Demokrat Menempatkan Caleg Petahana pada Nomor Urut Pertama

Sabtu, 21 Juli 2018 – 20:32 WIB
Roy Suryo. Foto: Ricardo/JPNN.com

jpnn.com, JAKARTA - Wakil Ketua Umum Partai Demokrat Roy Suryo mengatakan partainya punya standarisasi dalam menempatkan calon legislatif (caleg) di nomor urut tertentu.

Di Partai Demokrat, menurut Roy, caleg petahana biasanya ditempatkan pada nomor satu. Kemudian, baru pengurus inti bisa DPP, DPD, DPC, kader dan vote getter.

BACA JUGA: PAN: Sangat Mengerikan Jika Caleg Bisa Dibeli

"Kami tidak akan menempatkan orang baru itu posisi nomor satu, vote getter nomor satu, tidak,” kata Roy dalam diskusi Colak-Colek Caleg di Cikini, Jakarta, Sabtu (21/7).

Roy mencontohkan di Daerah Pemilihan Jawa Barat (Dapil Jabar) II. Di sana ada nama juara dunia bulu tangkis, Taufik Hidayat. Namun, di situ juga ada caleg petahana yakni Dede Yusuf.

BACA JUGA: Waspada Caleg Kutu Loncat, Jangan Sampai Terpilih

“Kami tempatkan Mas Dede Yusuf di urutan pertama. Kami tetap memandang kader ini petahana jadi harus di nomor urut pertama,” katanya.

Lebih lanjut, Roy mengatakan Partai Demokrat juga tidak ingin tiba-tiba merekrut artis menjadi caleg dengan alasan sudah diberikan pendidikan politik.

BACA JUGA: Vicky Rhoma jadi Caleg PAN, Raja Dangdut Siapkan 3 Konser

Roy mengatakan memang ada beberapa artis yang berhasil ketika menjadi anggota DPR, antara lain Tantowi Yahya dan Dede Yusuf.

“Ketika menjadi anggota dewan mereka melepas keartisannya,” katanya.

Namun, lanjut Roy mengatakan di sisi lain banyak artis yang menjadi anggota legislatif tapi tidak bisa melepas keartisannya.

“Dia anggota dewan tapi setiap malam ada di televisi,” sindir mantan menteri pemuda dan olahraga (menpora) itu.

Selain itu, Roy melanjutkan, ada pula yang sudah menjadi anggota parlemen tapi masih berlaga seperti artis. Misalnya, tasnya harus dibawakan oleh sekretaris pribadinya. “Itu masih ada,” katanya.
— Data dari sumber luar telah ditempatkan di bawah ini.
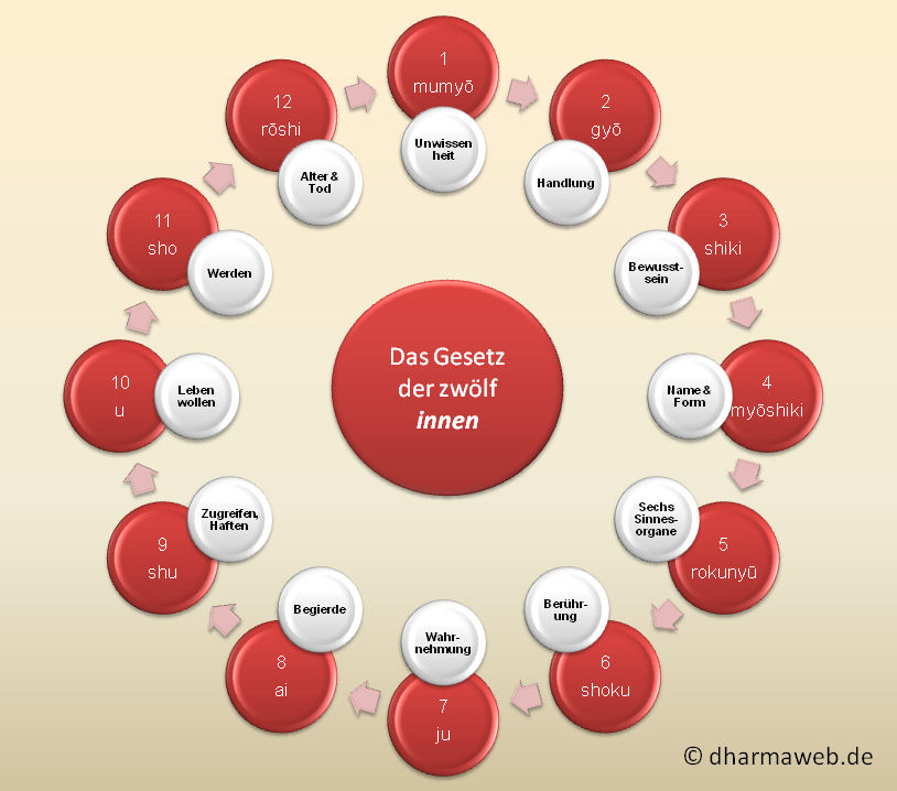 1) Unwissenheit mumyo (jap), avidya (skt) 2) Handlung gyo (jap), samskarakarma (skt) 3) Bewusstsein shiki (jap), vijnana (skt) 4) Name & Form myoshiki (jap), namarupa (skt) 5) Sechs Sinnesorgane rokunyu (jap), sadayatana (skt) 6) Berührung shoku (jap), sparsa (skt) 7) Wahrnehmung ju (jap), vedana (skt) 8) Begierde ai (jap), trsna (skt) 9) Zugreifen, Halten shu (jap), upadana (skt) 10) Leben wollen u (jap), bhava (skt) 11) Werden sho (jap), jati (skt) 12) Alter & Tod roshi (jap), jaramarana (skt)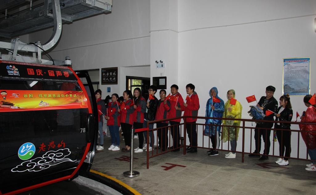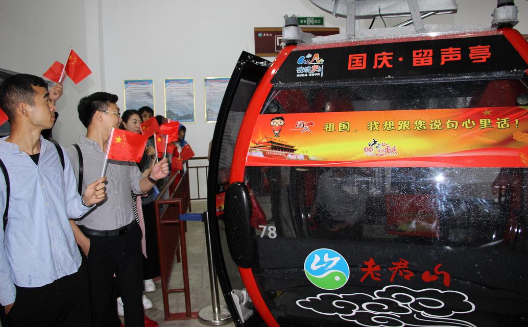 10月1日,在河南欒川老君山景區(qū)云景索道上,一個(gè)經(jīng)過(guò)精心打造充滿國(guó)慶元素的纜車格外搶眼,每次纜車進(jìn)站游客都好奇的詢問(wèn)工作人員“這個(gè)纜車是做什么的?”,經(jīng)工作人員解答,記者得知這個(gè)纜車是為今年十一國(guó)慶節(jié)特別包裝打造的“我跟祖國(guó)說(shuō)句心里話”國(guó)慶留聲亭。游客可以在乘坐纜車欣賞美景的同時(shí)對(duì)著鏡頭向祖國(guó)說(shuō)句心里話,以表達(dá)對(duì)祖國(guó)68歲生日的祝福。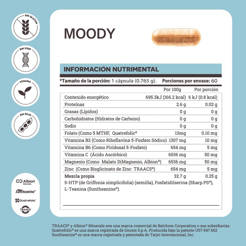 - Ingredientes por porción (dosis diaria recomendada): Folato (Como 5 MTHF, Quatrefolic) 0,10 mg, Vitamina B2 (Como Riboflavina 5-Fosfato Sódico) 10 mg, Vitamina B6 (Como Piridoxal 5-Fosfato) 5 mg, Vitamina C (Ácido Ascórbico) 50 mg, Magnesio (Como Malato DiMagnesio, Albion) 50 mg, Zinc (Como Bisglicinato de Zinc TRAACS) 5 mg. Mezcla propia 0,25 g: 5-HTP (de Griffonia simplicifolia) (semilla), Fosfatidilserina (Sharp.PS), L-Teanina (Suntheanine)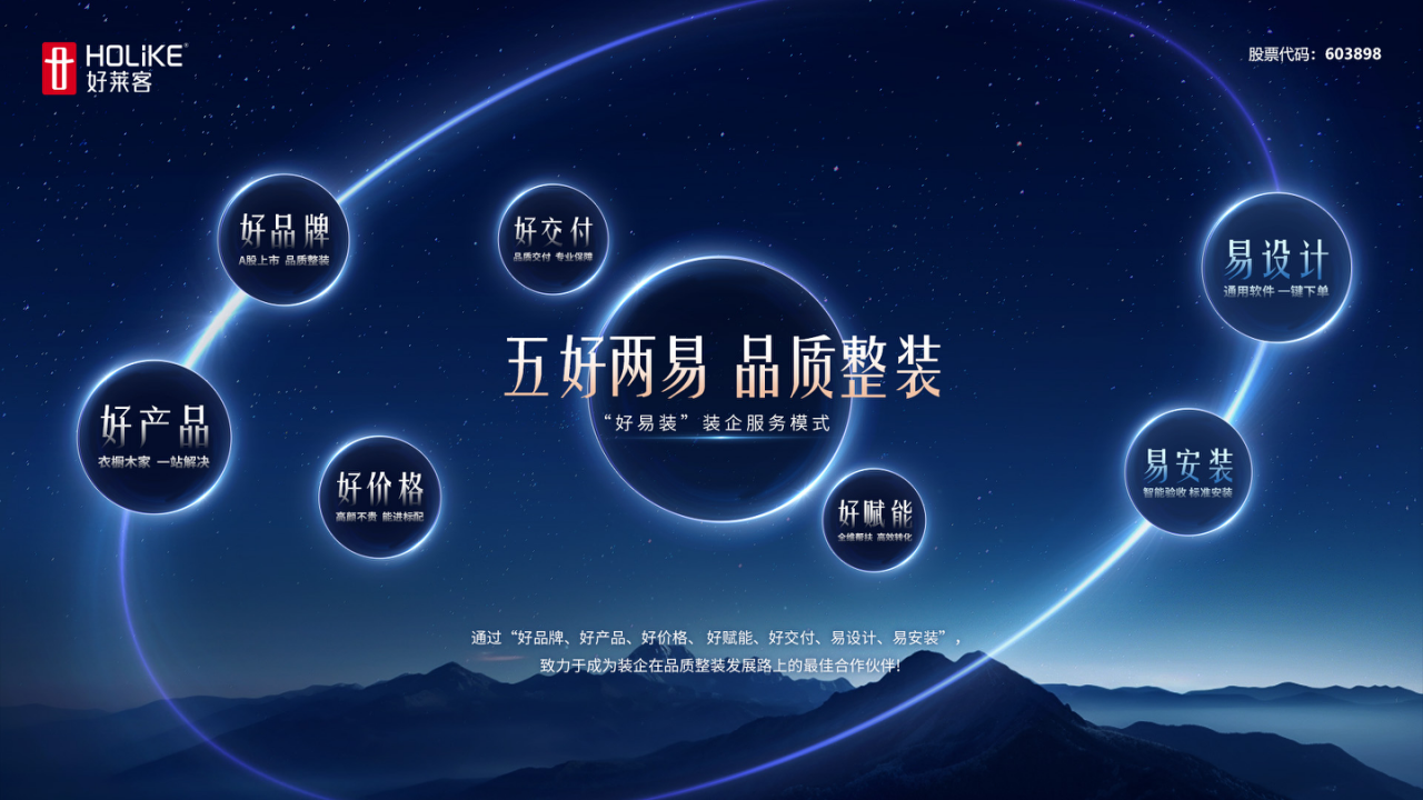 整装渠道重要性不言而喻。那么,做好整装的关键要素是什么?好莱客认为应从“品牌、产品、价格、服务”四大价值进行发力。2024年好莱客重磅发布“好易装”装企服务模式(一图读懂“好易装”装企服务模式)、重磅打造整装馆、以及针对终端安装交付能力提升展开全国性的专项行动,通过系统工具和丰富经验的赋能,帮助经销商精准捕捉与装企合作中的核心需求和关键痛点,全面提升整装业务渠道的建设与服务能力。
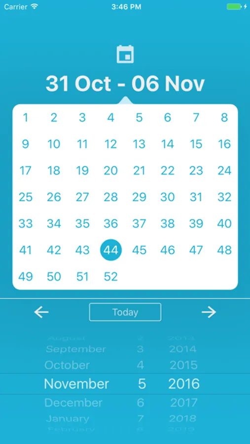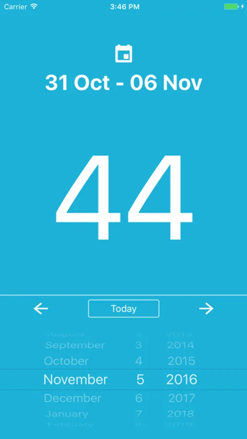 App allows you to see current week number, as well as easily navigate to different weeks of this year or even see what week number was for specific date.

Politikus PDI Perjuangan Masinton Pasaribu mengatakan, di seluruh dunia legislatif itu disebut parlemen, yang artinya bicara. “Senjata, kekuatan DPR itu, ya bicara,” tegas Masinton dalam kesempatan itu.

Namun, kata Masinton, sekarang ini kalau tingkat kehadiran rapat saja minim, lalu apa yang harus dibicarakan anggota itu pada mitra kerjanya. Lantas, kata dia, kalau bicara pun hanya sekadar buat pencitraan saja. “Lalu bagaimana akan melakukan pembenahan,” ungkapnya.(boy/jpnn)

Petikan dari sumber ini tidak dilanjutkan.